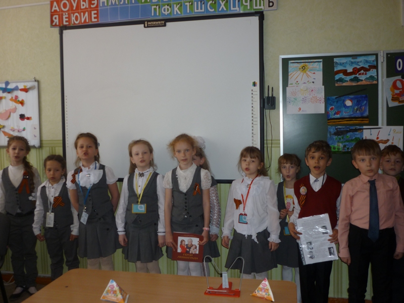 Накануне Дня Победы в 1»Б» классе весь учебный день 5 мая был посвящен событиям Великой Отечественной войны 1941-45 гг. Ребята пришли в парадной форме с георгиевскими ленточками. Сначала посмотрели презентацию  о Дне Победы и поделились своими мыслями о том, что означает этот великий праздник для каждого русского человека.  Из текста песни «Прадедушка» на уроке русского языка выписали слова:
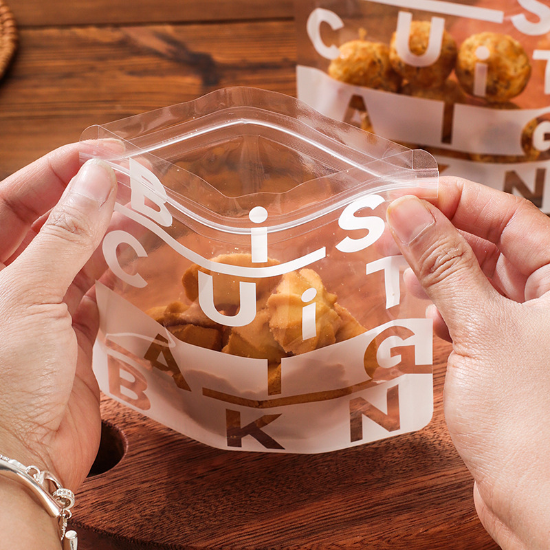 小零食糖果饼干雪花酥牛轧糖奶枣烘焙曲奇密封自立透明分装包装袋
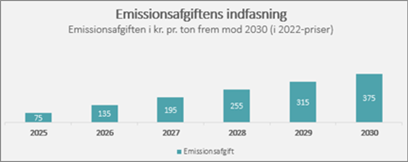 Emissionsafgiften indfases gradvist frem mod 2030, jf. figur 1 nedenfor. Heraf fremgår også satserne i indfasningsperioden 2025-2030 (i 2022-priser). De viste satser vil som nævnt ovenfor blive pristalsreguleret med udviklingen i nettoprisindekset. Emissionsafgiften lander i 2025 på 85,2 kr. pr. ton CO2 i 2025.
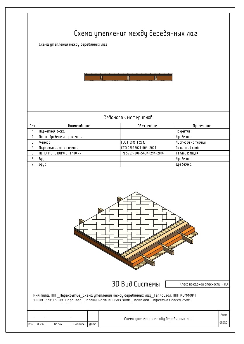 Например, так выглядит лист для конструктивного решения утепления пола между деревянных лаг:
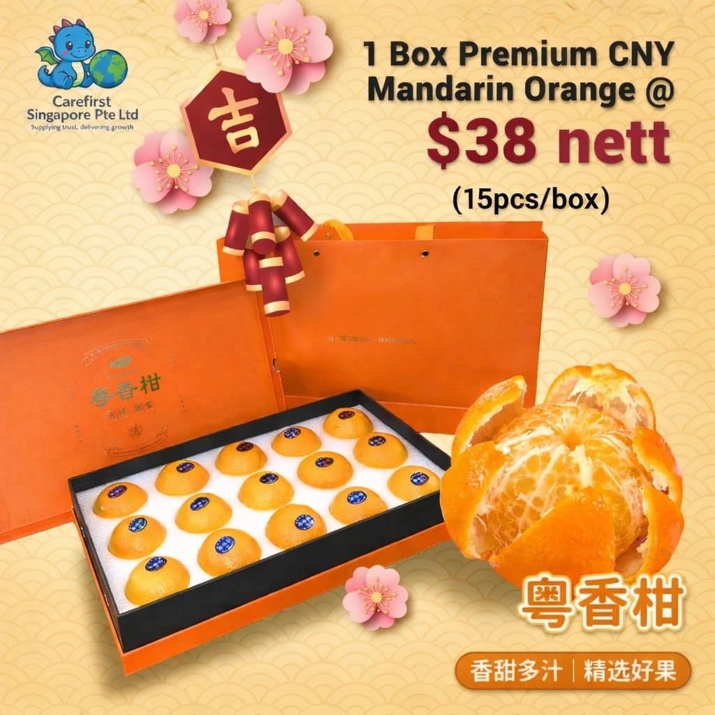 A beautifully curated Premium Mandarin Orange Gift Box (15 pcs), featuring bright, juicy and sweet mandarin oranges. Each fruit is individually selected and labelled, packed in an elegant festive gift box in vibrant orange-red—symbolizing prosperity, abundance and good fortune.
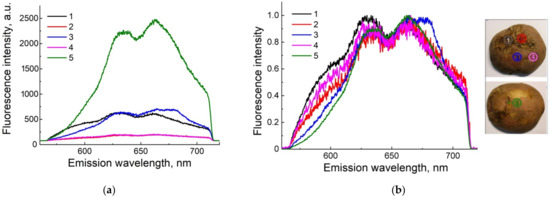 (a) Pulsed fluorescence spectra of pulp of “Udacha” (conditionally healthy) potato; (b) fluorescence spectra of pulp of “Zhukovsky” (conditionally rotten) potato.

--

◆ **Exercise objective**
Pictures are to be left out, and each line from the one that contains "小零食糖果饼干雪花酥牛轧糖奶枣烘焙曲奇密封自立透明分装包装袋" through the end of the listing is to be copied exactly.

◆ **Response to this task**
 小零食糖果饼干雪花酥牛轧糖奶枣烘焙曲奇密封自立透明分装包装袋
 Emissionsafgiften indfases gradvist frem mod 2030, jf. figur 1 nedenfor. Heraf fremgår også satserne i indfasningsperioden 2025-2030 (i 2022-priser). De viste satser vil som nævnt ovenfor blive pristalsreguleret med udviklingen i nettoprisindekset. Emissionsafgiften lander i 2025 på 85,2 kr. pr. ton CO2 i 2025.
 Например, так выглядит лист для конструктивного решения утепления пола между деревянных лаг:
 A beautifully curated Premium Mandarin Orange Gift Box (15 pcs), featuring bright, juicy and sweet mandarin oranges. Each fruit is individually selected and labelled, packed in an elegant festive gift box in vibrant orange-red—symbolizing prosperity, abundance and good fortune.
 (a) Pulsed fluorescence spectra of pulp of “Udacha” (conditionally healthy) potato; (b) fluorescence spectra of pulp of “Zhukovsky” (conditionally rotten) potato.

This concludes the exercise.